The sense of serenity created by the view is enough to calm me when I’m stressed or tired or irritable, a better panacea than the endless diet of SimShows once used for the same purpose by most of Earth’s population. Serenity and permanence. As good a definition of eternity as I can come up with. It will have to do for now, until I can think of something better.

It’s not a good idea to stare into the abyss for long. Rapture of the deep can be dangerous, filling your head with odd ideas and thoughts, speculations that make you wonder what it would be like to go into an airlock without a spacesuit and blow the external doors, freefalling from the edge of the abyss.
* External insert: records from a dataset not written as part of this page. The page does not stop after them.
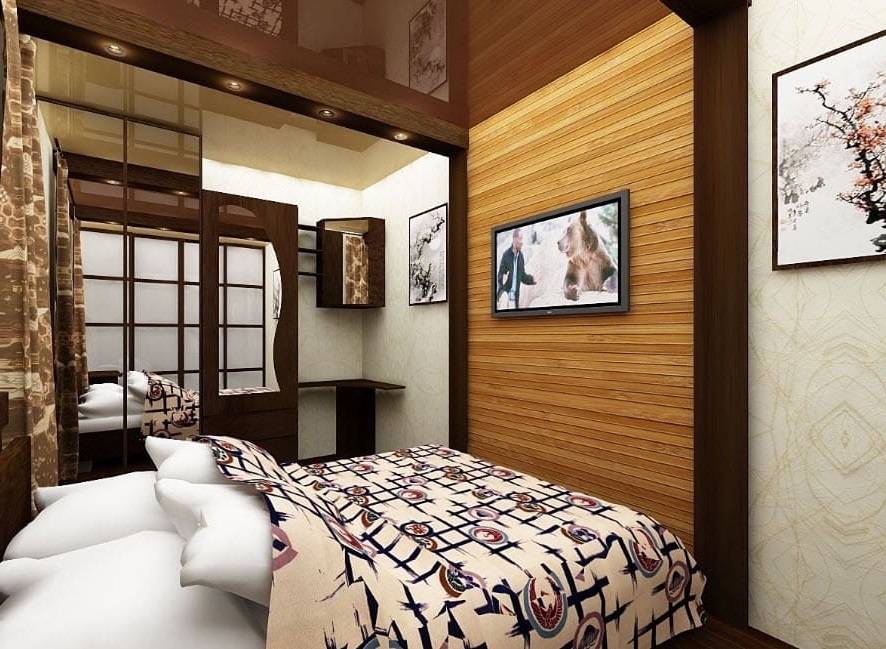 Дизайн узкой спальни японского стиля создаст благоприятную атмосферу, спокойную для отдыха после рабочего дня. Строгие, четкие прямоугольные формы, дополненные спокойными тонами интерьера, идеально впишутся в планировку хрущевки или панельного дома. Наличие растений приветствуется.
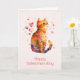 Valentinstag-Karte mit einer bezaubernden Aquarellbild. Eine orangefarbene Tischkatze, die freundlich und glücklich mit herumwirbelnden Herzen aussieht.
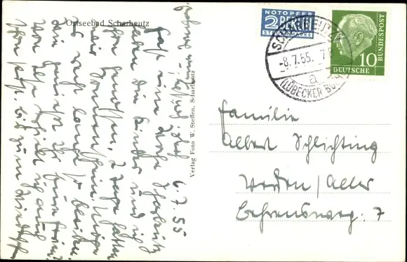 Zustand, siehe Scan, gelaufen, 1955 - ca 9 cm X 14 cm
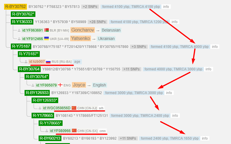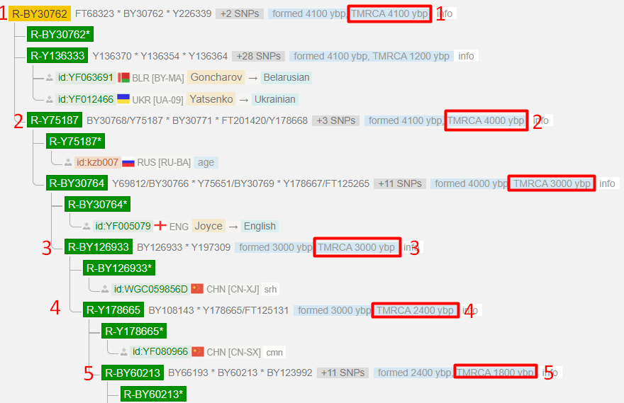 Путь от BY30762 до BY60213 занимает 2300 лет. Все Кавказские результаты попадают именно в пучок с возрастом жизни общего предка в 1800 лет.
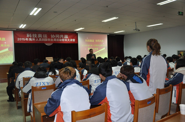 12月29日晚上,“科技奧運(yùn)·協(xié)同共贏”2015年海外學(xué)人回國創(chuàng)業(yè)周(張家口)活動(dòng)——青科大講堂在我院綜合樓307舉行。河北團(tuán)省委副書記、黨組副書記、河北省青聯(lián)主席宋華英,河北省青聯(lián)副主席徐峰,團(tuán)中央統(tǒng)戰(zhàn)部科技處調(diào)研員李雪梅,河北團(tuán)省委統(tǒng)戰(zhàn)部部長(zhǎng)、河北省青聯(lián)秘書長(zhǎng)夏少鵬,張家口團(tuán)市委書記胡偉奇,副書記蔣文冬、楊琳等領(lǐng)導(dǎo)出席會(huì)議。學(xué)院黨委書記胡煒、副書記張樹敏參加大會(huì)。20位海外學(xué)人、省青聯(lián)委員與我院200名學(xué)生共同聆聽分享了大講堂內(nèi)容。

Tania, our on-board psychologist (amongst many other roles she performs) would be less than happy if she knew any of us were thinking along those lines.

I wish you could see this view, Susannah. The skies of space are as beguiling as anything seen on Earth. Just as varied, just as colourful. Simple truths are all we need to understand the complexities of the universe. The sun is a star and the stars are suns. And our sun is now just another star.

And will remain so until we begin our long fall back to the light.